The days and nights are all a-jumble with the snow. I don’t know where one stops and another one starts. When did it begin, last week? Feels like the stuff has been drifting down in tiny little flakes since I was born. It just keeps building. We woke up this morning to at least another six inches of fresh snow on top of what we already had.

Almost half a foot fell the night before as well. I do remember that. The next day my wife and I spent three hours shoveling snow so we could get the car out. She was unstoppable and insisted on shoveling the entire road as far as the community mailbox. I can’t call it work because I was having too much fun. Once the snow reaches a certain depth, I’m excavating instead of cleaning. The artist in me plans the paths and shapes the snow. When there isn’t any wind, like yesterday, I hardly notice the cold. It feels good just being outside in all that beauty. All the shoveling paid off, too. Later that afternoon, I was able to drive us to the bank. The roads were fine, and Taos was still there.

The thing is, though, that dealing with the snow is all you can do. I certainly haven’t been able to write, and my wife can’t get to her studio to pack or play the piano. Every day I have to dig the paths and uncover the wood pile, and other important things need taking care of. Today, for example, I went up on the roof for the first time in weeks, because water from melting snow was running down the kitchen wall and threatening to float the cat box. As charming as it is, this place is just as bio-degradable as any old adobe; it’s a feature, not a bug, unless you’re living in one at the time. Anyway, once up on the roof I realized I had to clear the snow from around the canales (roof drainspouts) if there was to be any hope of getting the meltwater off the roof. The snow was almost two feet deep, and I had lots to shovel. In the process, I discovered the snow had all but covered a sewer vent and the vent for the bathroom gas heater. If the latter were stopped up, we could go to sleep and never wake up, so it’s a good thing I climbed up there.

Overnight it snowed some more. Not enough to undo all the work I put in yesterday, but partly. We haven’t had the car on the road for two days now. My morning task is to clear the area around the car and do what I can to make the top of the driveway passable. When we did get out on Friday, our two hundred yard stretch of dirt road abandoned by the county was unbelievably bad: the holes are so large and deep, the car was on the verge of bottoming out. When two feet of snow decide to melt all at once over the next few days, we could well be stranded by the mud.
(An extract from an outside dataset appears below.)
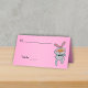 Cette carte de place pliée pour vos fêtes, événements et mariages est rose vif avec un mignon lapin blanc donnant un signe pouce vers le haut et portant une cravate arc noir. Customisez la zone de nom et de numéro de table et le texte au verso avec les modèles.
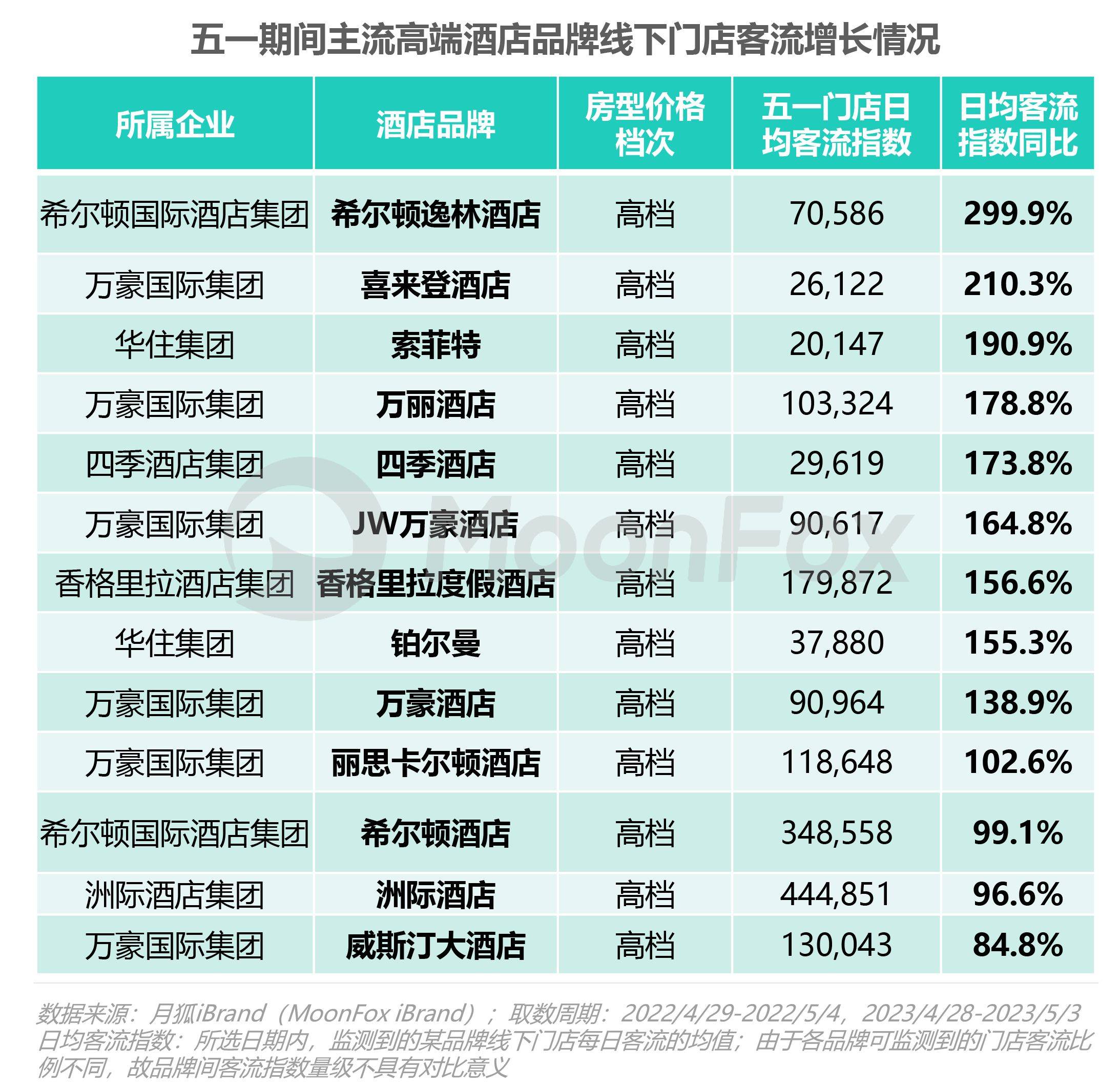 今年五一高档酒店消费需求高涨,国内多家高端酒店品牌线下门店客流同比增速超100%

As a way of life, this simply will not do. Neither the spirit nor the body can withstand it. We absolutely have to move, like I’ve been saying for five years now. If old-time Taos winters are coming back, I’m not about to live out in the sagebrush, whether the county plows or not. To stay in Taos, we’ll need to find a home in town. Hitting the road is problematic and expensive, too. The thing I tend to forget is that our old farm house in the Maryland countryside required emergency attention every winter just like this place does. Maybe even more! Strong northeast winds would peel the siding off. Melting snow routinely flooded the basement and wrecked the screen porch. The balky oil furnace often failed to light just when the temperature fell and threatened all the pipes. But spring did come eventually, and not with snow and dust storms like it does here. The road was paved, too, and I miss that.

The weather is a factor no matter where you live, but everything about our life now seems so daunting. Recently someone told me that I’d already lived the “Taos dream” and didn’t have to any longer. I knew exactly what she meant. Living just beyond your means, savings slowly dwindle. The intensity of the highs and lows can break you, and if you stay too long, you end up stuck. I call this the Taos Trap™. The other day my wife said (not for the first time), “I’ve done Taos! I’m done!” No explanation needed, especially if you’ve been here long enough to understand the history and sociology.

I honestly don’t know how to stay or where to go. In my confusion, I tend to try too hard and miss the obvious, like trusting in the flow of life. The road to just a little bit of ease, if not to Easy Street itself, is surely right beneath my nose. The key thing here is calmness. Slow down, read the tea leaves, know that we are loved, appreciate the Now.

Does anything make more sense? Is anything more real?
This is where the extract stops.